Rick Stimpfle

Scientist

I joined the Anderson Group as a post-doctoral fellow in Nov 1979, shortly after completing graduate school at the University of Colorado in Boulder. My work at UC consisted of laboratory work at the NOAA labs, with Carleton J. Howard and Eldon E. Ferguson, investigating ClO radical reactions involved in ozone loss in the stratosphere. The title of my thesis was: Laser Magnetic Resonance Detection of ClO and Kinetics of the Reactions of ClO with NO2 and HO2. I received a B. S. in Physical Chemistry from The College of William and Mary, Williamsburg, VA, in June 1975.

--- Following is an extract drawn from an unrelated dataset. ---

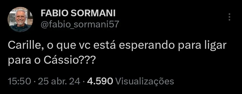 Por meio de seu perfil oficial no X, Sormani pediu para que Fábio Carille, atual técnico do time da Baixada, ligasse para o arqueiro visando trazê-lo para a Vila Belmiro.

I came to Harvard with the express intention of participating in field measurements. The first project involved measuring OH and HO2 in the stratosphere, in-situ, using a resonance fluorescence instrument incorporating a copper vapor laser on a balloon-borne platform. We made successful measurements out of Palestine TX in the summers of 1987, 88 and 89.

Around 1990 my focus shifted to chlorine in the stratosphere. I participated in balloon-borne measurements of ClO from Ft Sumner, NM and Sondrestrom, Greenland in 1991 and 1992, respectively. After those missions I switched to an aircraft borne platform using the NASA ER-2 aircraft. Over the years measurements of species such as BrO, ClO, ClONO2, and ClOOCl were made from a variety of locations, including California, Alaska, Hawaii, New Zealand and Sweden.

Although I retired from Harvard in Jul 2009, I returned to the Anderson Group in 2010, in part-time mode, to provide support with the current halogen measurement program.